- **DATA SEGMENT**:

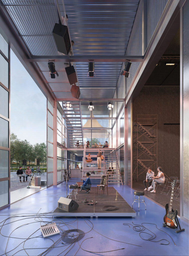 Il ‘Palco urbano’, con spazi di incontro, socializzazione e relazione (foyer, bar, ristorante, percorsi espositivi/didattici). Un luogo, insomma, per eventi, per il tempo libero per la socializzazione e per la creazione spontanea. I volumi che contengono queste attività realizzati con una griglia di travi, pilastri e solai metallici a vista, appaiono come grandi impalcature, palchi metallici temporanei e versatili di forme espressive più libere ed improvvisate.
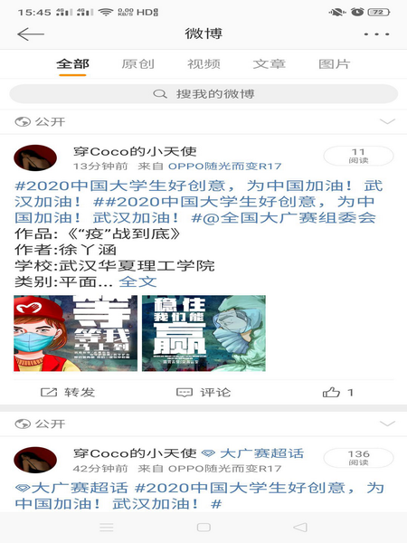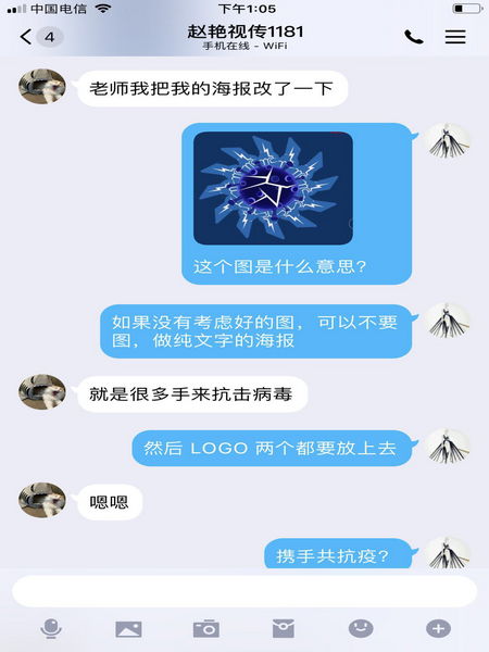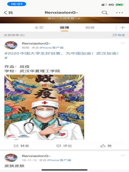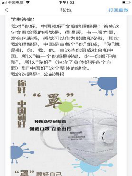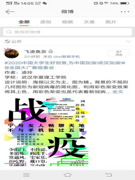 作品完成后,指导学生把作品上传到微博。课程中,方立立同学说,通过这次疫情,让她真切地感受到:哪有什么岁月静好,不过是有人替我们负重前行。王可儿认为,这场战疫让我们失去了很多同胞,我们更应该去支持那些还在自己岗位上奉献的人。视传1181班的学生借广告作品传递当代青年积极 的生活态度以及与全国人民共同战疫的决心。
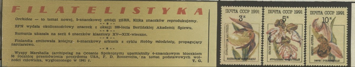 Archiwum / Filatelistyka nr 2416 (24/1991) 24/259 Podziel się Tytuł Filatelistyka Autor Tadeusz Grabikowski Rubryka Filatelistyka Artykuł z numeru 2416 (2417/1991) Data wydania 13 października 1991 Tagi znaczki pocztowe orchidea

- **EXERCISE DESCRIPTION**:
In repeating the lines above, keep the wording exact and leave every picture out.

- **TASK RESULT**:
 Il ‘Palco urbano’, con spazi di incontro, socializzazione e relazione (foyer, bar, ristorante, percorsi espositivi/didattici). Un luogo, insomma, per eventi, per il tempo libero per la socializzazione e per la creazione spontanea. I volumi che contengono queste attività realizzati con una griglia di travi, pilastri e solai metallici a vista, appaiono come grandi impalcature, palchi metallici temporanei e versatili di forme espressive più libere ed improvvisate.
 作品完成后,指导学生把作品上传到微博。课程中,方立立同学说,通过这次疫情,让她真切地感受到:哪有什么岁月静好,不过是有人替我们负重前行。王可儿认为,这场战疫让我们失去了很多同胞,我们更应该去支持那些还在自己岗位上奉献的人。视传1181班的学生借广告作品传递当代青年积极 的生活态度以及与全国人民共同战疫的决心。
 Archiwum / Filatelistyka nr 2416 (24/1991) 24/259 Podziel się Tytuł Filatelistyka Autor Tadeusz Grabikowski Rubryka Filatelistyka Artykuł z numeru 2416 (2417/1991) Data wydania 13 października 1991 Tagi znaczki pocztowe orchidea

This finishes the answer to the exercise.